Research and development activity will also be considered the creation, combination and configuration of advanced software, using new theorems and algorithms or operating systems, languages, interfaces and applications the production of new or substantially improved products, processes or services. This concept shall be treated as software intended to facilitate access to the services of the information society to persons with disabilities, when it is carried out without a profit. Routine or routine activities related to software maintenance or minor updates are not included.

b) Base of the deduction.

The basis of the deduction shall be the amount of research and development expenditure and, where appropriate, investments in items of tangible and intangible fixed assets excluding buildings and land.

Research and development expenses shall be considered as incurred by the taxpayer, including the write-downs of the goods affected by the above activities, as soon as they are directly related to those activities and they are effectively applied to the performance of these, consisting specifically of individual projects.

The basis of the deduction shall be in the amount of the grants received for the promotion of such activities and imputable as income in the tax period.

The research and development costs that form the basis of the deduction must correspond to activities carried out in Spain or in any Member State of the European Union or the European Economic Area.

They shall also have the consideration of research expenditure and development of the amounts paid for carrying out such activities in Spain or in any Member State of the European Union or the European Economic Area, on behalf of the taxpayer, individually or in collaboration with other entities.

Investments shall be understood to be realised where the assets are placed under operating conditions.

c) Deduction percentages.

1. º 25 percent of the expenses incurred in the tax period for this concept.

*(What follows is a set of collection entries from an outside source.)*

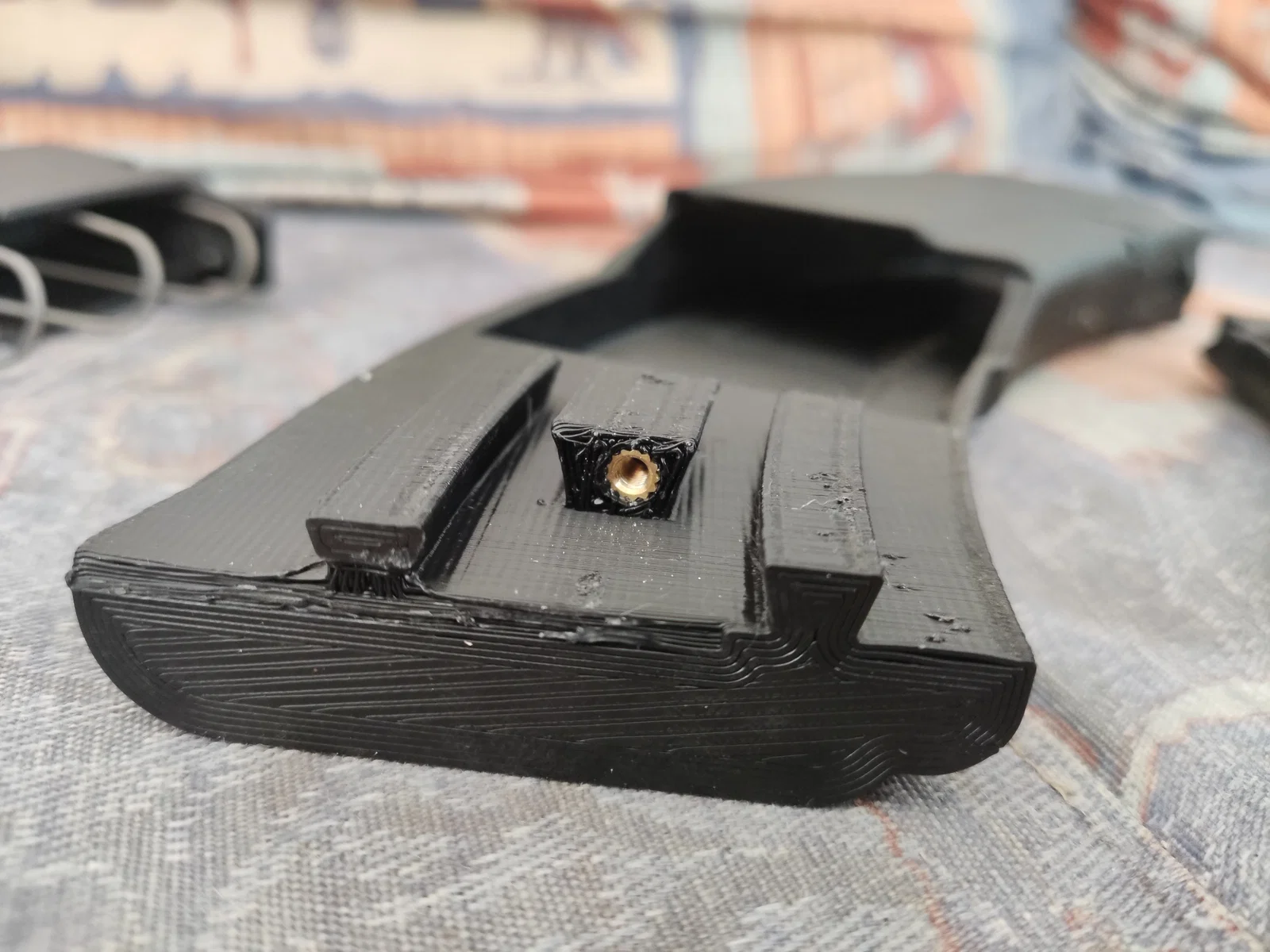 Cách lắp ráp: Sau khi in, bạn nung chảy ốc nhiệt vào vị trí, lắp lò xo và phần tiếp đạn vào, sau đó ráp băng đạn và cố định phần thân bên bằng ốc vít M3. Băng đạn này tương thích với tất cả các loại đế (baseplate) dành cho băng đạn nhựa AK.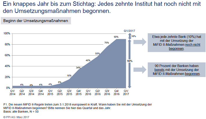 Im Januar 2018 tritt die MiFID-II-Richtlinie in Kraft. Den Banken in Deutschland bleibt also nur noch wenig Zeit, um sich darauf vorzubereiten. Eine aktuelle Studie zeigt: Viele Institute hängen hinter dem Zeitplan her. Lange To-Do-Listen mit unerledigten Punkten legen Planungsfehler offen.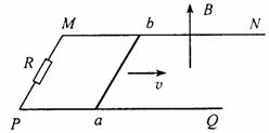 (7分)如图所示,水平面上有两根相距0.5m的足够长的平行金属导轨MN和PQ,它们的电阻可忽略不计,在M和P之间接有阻值为R的定值电阻。导体棒ab长l=0.5m,其电阻为r,与导轨接触良好。整个装置处于方向竖直向上的匀强磁场中,磁感应强度B=0.4T。现使ab以v=10m/s的速度向右做匀速运动。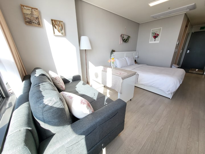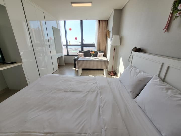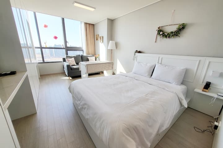 اشعر بحساسية سونغدو في مسكن مليء بالمشاعر المريحة والدافئة في البيئة النظيفة للمبنى الجديد.

Where expenditure incurred in carrying out research and development activities in the tax period is greater than the average of those incurred in the preceding two years, the percentage established shall apply. in the preceding paragraph up to that average, and 42 percent over the excess over this. In addition to the deduction from the above paragraphs, an additional deduction of 17% of the amount of the staff costs of the institution concerned shall be made available to qualified researchers attached to the exclusive to research and development activities.

2. º 8% of investments in tangible and intangible fixed assets, excluding buildings and land, provided that they are exclusively affected by research and development activities.

The elements in which the investment materializes must remain in the taxpayer's assets, except for justified losses, until they meet their specific purpose in the research and development activities, except that their useful life in accordance with the method of depreciation, as provided for in Article 12 (1) (a), which applies, is lower.

2. Deduction for technological innovation activities.

The performance of technological innovation activities will entitle you to practice a deduction of the full quota under the conditions set out in this section.

a) Concept of technological innovation.

Technological innovation will be considered the activity whose result is a technological advance in the production of new products or production processes or substantial improvements of the existing ones. New products or processes whose characteristics or applications, from the technological point of view, differ substantially from those previously existing shall be considered new.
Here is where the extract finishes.